Plots of Influence Measures

Gets an influence_stat() output and plots selected statistics.

Usage

gcd_plot(
  influence_out,
  cutoff_gcd = NULL,
  largest_gcd = 1,
  point_aes = list(),
  vline_aes = list(),
  cutoff_line_aes = list(),
  case_label_aes = list()
)

md_plot(
  influence_out,
  cutoff_md = FALSE,
  cutoff_md_qchisq = 0.975,
  largest_md = 1,
  point_aes = list(),
  vline_aes = list(),
  cutoff_line_aes = list(),
  case_label_aes = list()
)

gcd_gof_plot(
  influence_out,
  fit_measure,
  cutoff_gcd = NULL,
  cutoff_fit_measure = NULL,
  largest_gcd = 1,
  largest_fit_measure = 1,
  point_aes = list(),
  hline_aes = list(),
  cutoff_line_gcd_aes = list(),
  cutoff_line_fit_measures_aes = list(),
  case_label_aes = list()
)

gcd_gof_md_plot(
  influence_out,
  fit_measure,
  cutoff_md = FALSE,
  cutoff_fit_measure = NULL,
  circle_size = 2,
  cutoff_md_qchisq = 0.975,
  cutoff_gcd = NULL,
  largest_gcd = 1,
  largest_md = 1,
  largest_fit_measure = 1,
  point_aes = list(),
  hline_aes = list(),
  cutoff_line_md_aes = list(),
  cutoff_line_gcd_aes = list(),
  cutoff_line_fit_measures_aes = list(),
  case_label_aes = list()
)

Arguments

influence_out

The output from influence_stat().

cutoff_gcd

Cases with generalized Cook's distance or approximate generalized Cook's distance larger than this value will be labeled. Default is NULL. If NULL, no cutoff line will be drawn.

largest_gcd

The number of cases with the largest generalized Cook's distance or approximate generalized Cook's distance to be labelled. Default is 1. If not an integer, it will be rounded to the nearest integer.

point_aes

A named list of arguments to be passed to ggplot2::geom_point() to modify how to draw the points.
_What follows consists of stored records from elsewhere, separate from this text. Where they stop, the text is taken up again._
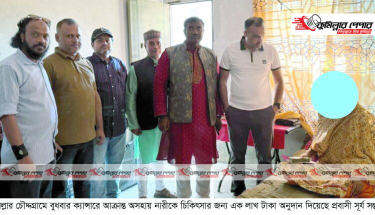 কুমিল্লার চৌদ্দগ্রাম প্রবাসী সূর্য সন্তান সংগঠনের উদ্যোগে ক্যান্সারে আক্রান্ত অসহায় এক নারীর চিকিৎসায় এক লাখ টাকা অনুদান দেয়া হয়েছে।
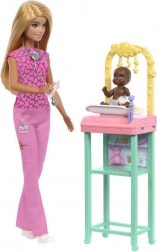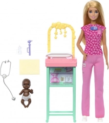 Fedezze fel az orvosi kalandok világát, amikor Barbie gyermekorvos bőrébe bújik! Ez a játékkészlet tartalmazza Barbie babát rózsaszín orvosi ruhában és kicsi páciensét. A gyerekek élvezhetik a játékot, amely fejleszti az ápolási és táplálkozási készségeket.
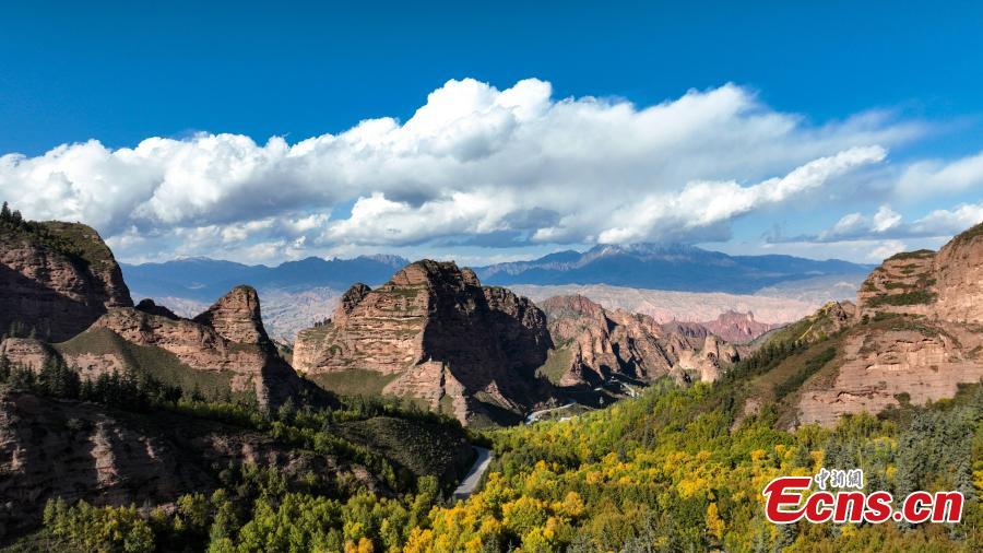 Facing the Yellow River, the Kanbula National Geopark features stone peaks of Danxia landform with golden scenery in autumn in Jianzha County, Huangnan Tibetan Autonomous Prefecture, northwest China's Qinghai Province. It is a "historical documentary" of the evolvement of the rise of the Qinghai-Tibet Plateau and its climate. (Photo provided to China News Service)
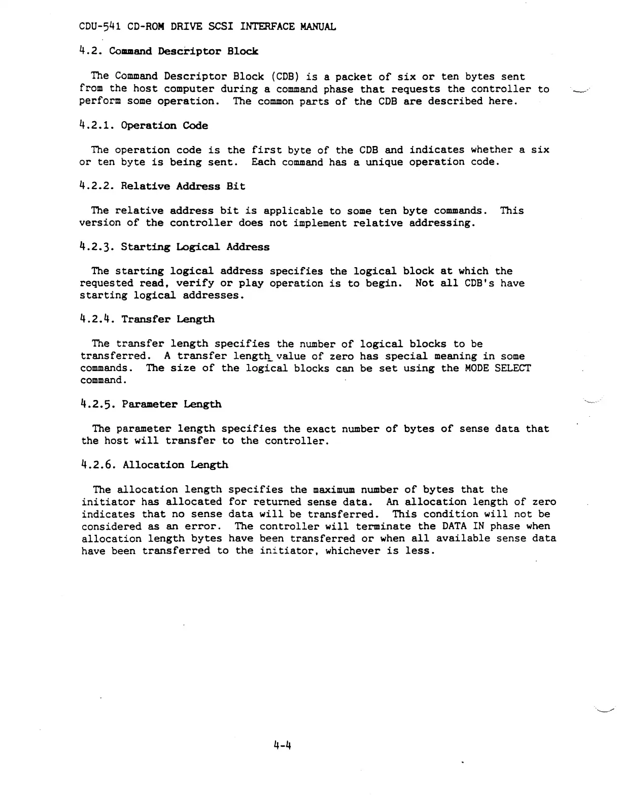 Sony CDU-541 - Command Descriptor Block (CDB)
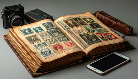 vintage stamps displayed in an organized album, created with generative ai
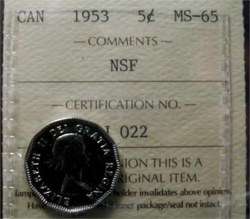 1953 NSF 5¢ ICCS MS65. Fully struck with full luster. A true "Gem"

Default is list() and internal default settings will be used.

vline_aes

A named list of arguments to be passed to ggplot2::geom_segment() to modify how to draw the line for each case in the index plot. Default is list() and internal default settings will be used.

cutoff_line_aes

A named list of arguments to be passed to ggplot2::geom_vline() or ggplot2::geom_hline() to modify how to draw the line for user cutoff value. Default is list() and internal default settings will be used.

case_label_aes

A named list of arguments to be passed to ggrepel::geom_label_repel() to modify how to draw the labels for cases marked (based on arguments such as cutoff_gcd or largest_gcd). Default is list() and internal default settings will be used.

cutoff_md

Cases with Mahalanobis distance larger than this value will be labeled. If it is TRUE, the (cutoff_md_qchisq x 100)th percentile of the chi-square distribution with the degrees of freedom equal to the number of variables will be used. Default is FALSE, no cutoff value.

cutoff_md_qchisq

This value multiplied by 100 is the percentile to be used for labeling case based on Mahalanobis distance. Default is .975.

largest_md

The number of cases with the largest Mahalanobis distance to be labelled. Default is 1. If not an integer, it will be rounded to the nearest integer.

fit_measure

The fit measure to be used in a plot. Use the name in the lavaan::fitMeasures() function. No default value.

cutoff_fit_measure

Cases with fit_measure larger than this cutoff in magnitude will be labeled. No default value and must be specified.

largest_fit_measure

The number of cases with the largest selected fit measure change in magnitude to be labelled. Default is

If not an integer, it will be rounded to the nearest integer.

hline_aes

A named list of arguments to be passed to ggplot2::geom_hline() to modify how to draw the horizontal line for zero case influence. Default is list() and internal default settings will be used.

cutoff_line_gcd_aes

Similar to cutoff_line_aes but control the line for the cutoff value of gCD.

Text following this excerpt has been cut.